Investment Rationale:

            The increased demand for residential units and commercial, office space for the IT and ITES companies suggest that the spurt will continue for years to come. An estimated inflow of Rs.5,508 billion investments in this sector will usher in development at a remarkable pace.

            Government thrust on infrastructure spending has given a tremendous boost to construction sector in terms of market size resulting in higher demand across the sector.

            Prajay Engineers Syndicate's base in the twin cities of Hyderabad and Secunderabad offers it a myriad of opportunities in the real estate sector. The rapidly growing IT/ITES industry in Hyderabad has its roots in the proactive role of the state government pitching Hyderabad as the 'Hi-Tec' city of India.

            The Government's decision to launch Bio Tech Park and Fab City has further given a boost to technology driven growth in Hyderabad.

            The company currently has around 31 projects underway and plans to construct around 37.6 million square feet in the next four to five years. All projects have credit Rating of A+ by FIs.

            With its visionary approach and contemporary building practices, cutting edge management discipline, Prajay is at the forefront of imparting dynamism to infrastructure development industry.
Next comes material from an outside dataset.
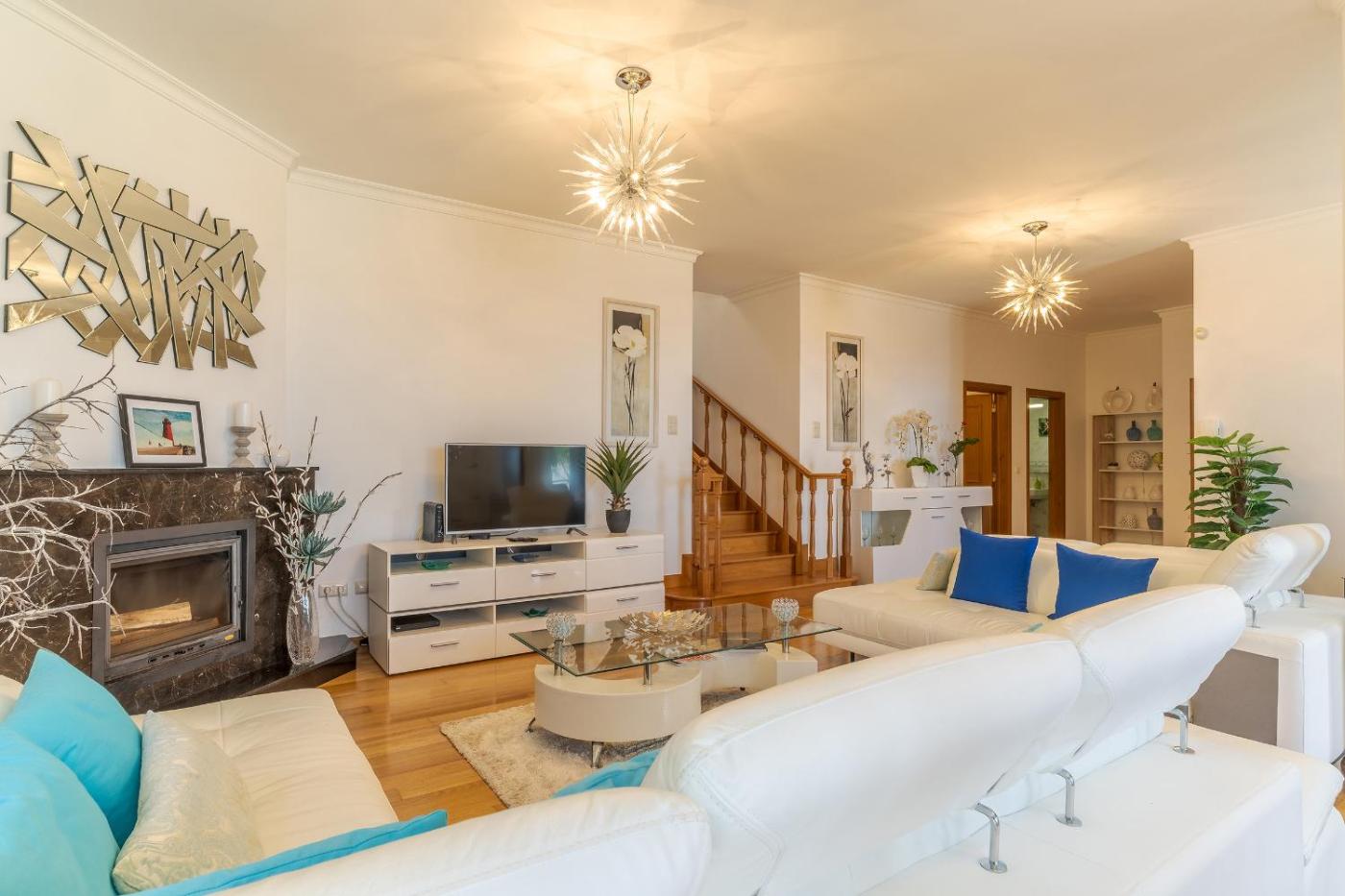 Three-Bedroom House. The pool with a view and fireplace are the standout features of this holiday home. This spacious holiday home features 1 living room, 3 separate bedrooms and 3 bathrooms with a bath and a shower. Guests will find a stovetop, a refrigerator, kitchenware and an oven in the fully equipped kitchen. The holiday home also comes with a barbecue. The holiday home features a washing machine, a private entrance, a tea and coffee maker, a flat-screen TV with cable channels, as well as sea views. The unit has 4 beds.

            The company is foraying into Tier II cities of Andhra Pradesh like Vizag and Vijaywada, by FY10.

            The company want to invest around Rs.500-600 Cr in the coming years to develop the hospitality segment; to create 1000 room capacity by 2009 in the 5 star, 4-star and the 3- star business class categories; and to develop 31 projects including residential, commercial, retail and hospitality projects, aggregating to around 37.57 million square feet over the next five years.

            PESL’s 100% subsidiary Prajay Holdings, has received a commitment of FDI recently, to the tune of rupees equivalent of US $ 36 million for one of its prime projects at Hyderabad wherein a development of around 40 lac square ft has been planned by the company.
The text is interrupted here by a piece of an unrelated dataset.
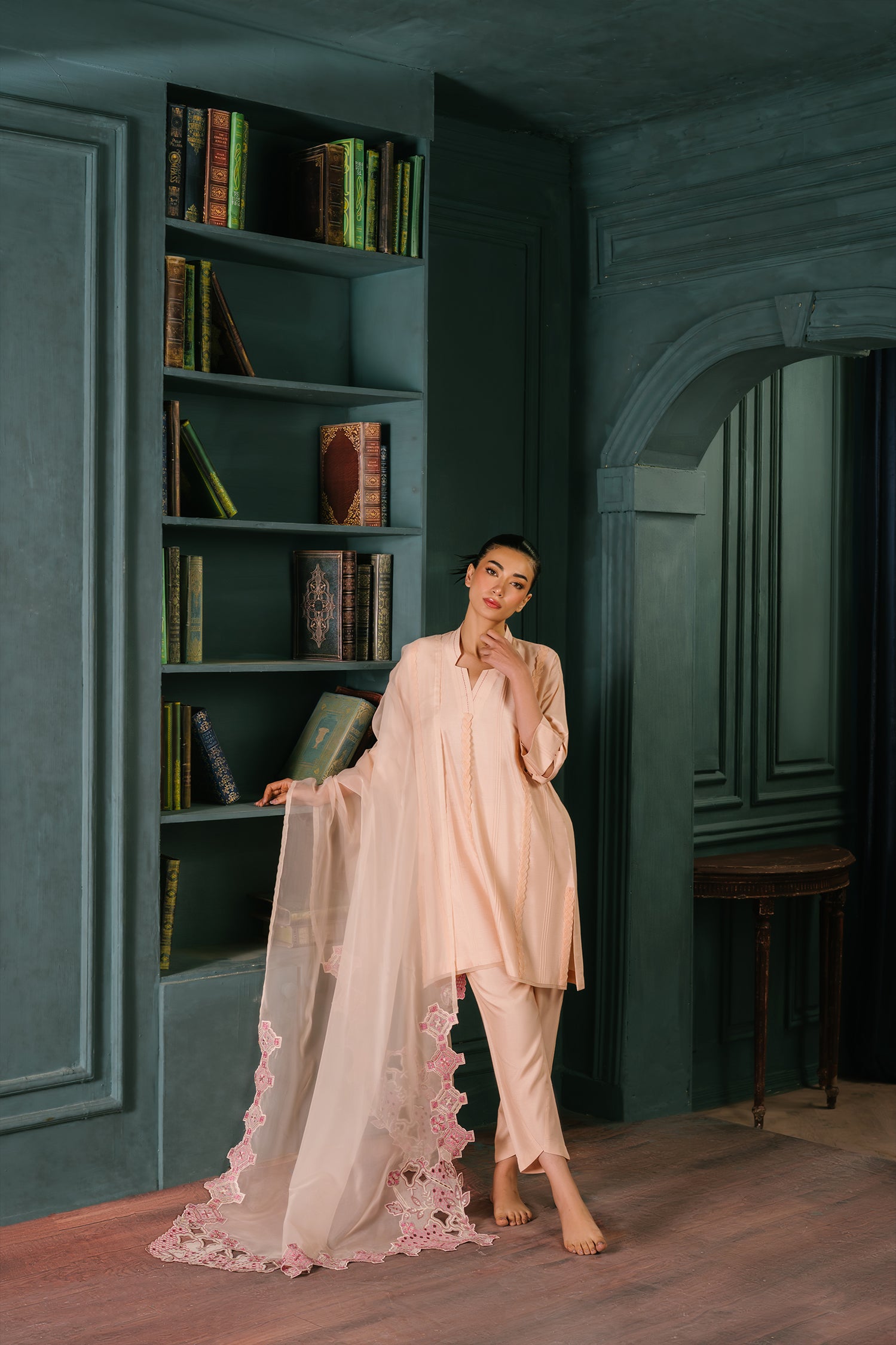A blush-toned ensemble that whispers timeless elegance. The minimal silhouette is elevated with delicate detailing and a sheer organza dupatta edged in soft pink floral embroidery. Perfect for garden brunches, Eid festivities, or when you simply want to glow in subtle sophistication.

            The company is riding high on the real estate and infrastructure boom: it has set a target of reaching Rs.1000 crore turnover by FY10.
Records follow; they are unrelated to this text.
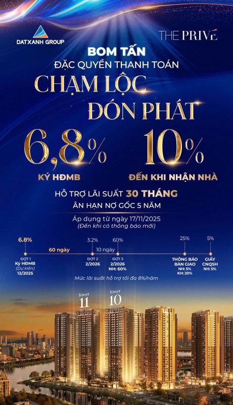 Điểm khác biệt lớn nhất của căn hộ The Privé chính là chính sách thanh toán độc quyền cho Block 11 – điều chưa từng thấy ở các dự án cao cấp cùng khu vực: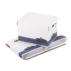 Heavy duty, triple-end, double-side construction stacks up stronger and withstands frequent handling. FastFold® quick and easy assembly. Reinforced tear-resistant hand holes make box comfortable to carry. Deep, locking lift-off lid stays in place for secure file storage. Smooth rolled edges add strength and prevent paper cuts.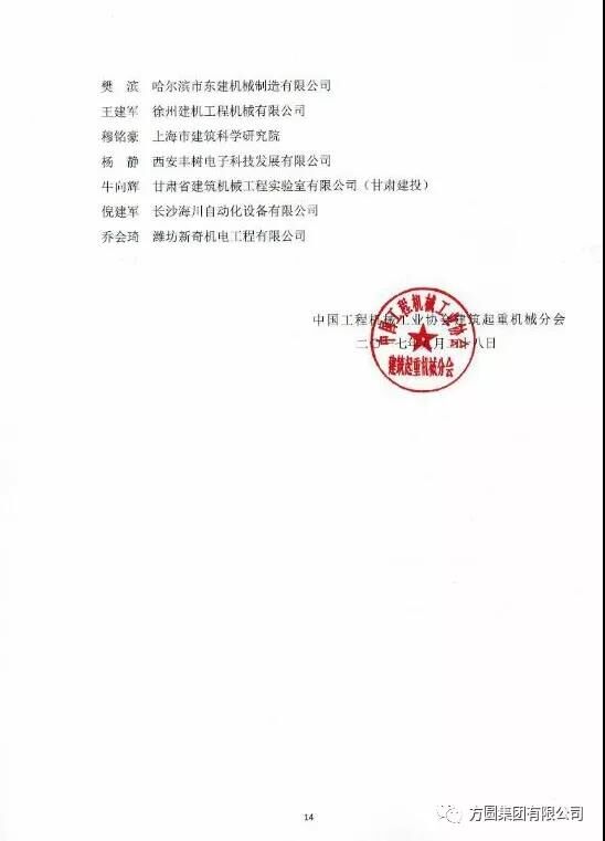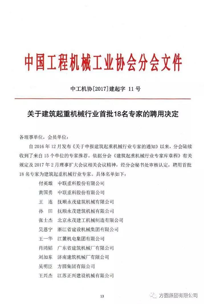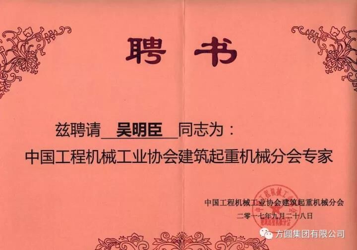 在11月9日召開(kāi)的中國(guó)工程機(jī)械工業(yè)協(xié)會(huì)建筑起重機(jī)械分會(huì)年會(huì)上,以中工機(jī)協(xié)【2017】建起字11號(hào)文件公布了《關(guān)于建筑起重機(jī)械行業(yè)首批18名專(zhuān)家的聘用決定》,聘用首批18名專(zhuān)家為建筑起重機(jī)械行業(yè)專(zhuān)家,方圓集團(tuán)副總工程師吳明臣名列其中。

            Future Focus: Premium Apartments, Ultra-modern Townships, Development of Golf course, Independent premium bungalows, Development of 3 and 5 star hotels, Infrastructure development, Shopping Malls. These are all high volume and high margin activities.

 

Conclusion:

As the trend of spiraling growth continues, there are miles more to go, and further milestones to achieve. With 31 planned and ongoing projects, which will culminate into construction of around 38 million square feet and the residential segment comprising of about 84 percent of the total area under development, the company is expected to do well in future. The stock at the current market price provides an investment opportunity and one should invest in it taking a call for 12-15 months horizon for at least 50% from the CMP of Rs.17.7.

Chartical Indicators: For the short term, buy the scrip only if it closes above Rs.18.5 on a daily closing basis. The MACD and CCI are in perfect buy mode, while Stochastic, Bollinger Bands, and Williams%R are also in buy mode.

Moreover, in the Candle Stick Chart Pattern, the inverted hammer, formation indicates that a significant decline has taken place in the stock price and the shorts are beginning to cover their positions---a very bullish indicator.

With this Candle Stick Chart Pattern, it is imperative to watch the next day's trading action. If the stock opens strong and remains strong during the day, then a key Reversal is likely in progress—a perfect time to bag the scrip.

 

Note: This stock was recommended to the Paid Groups in the Sunday Report of 30-11-08.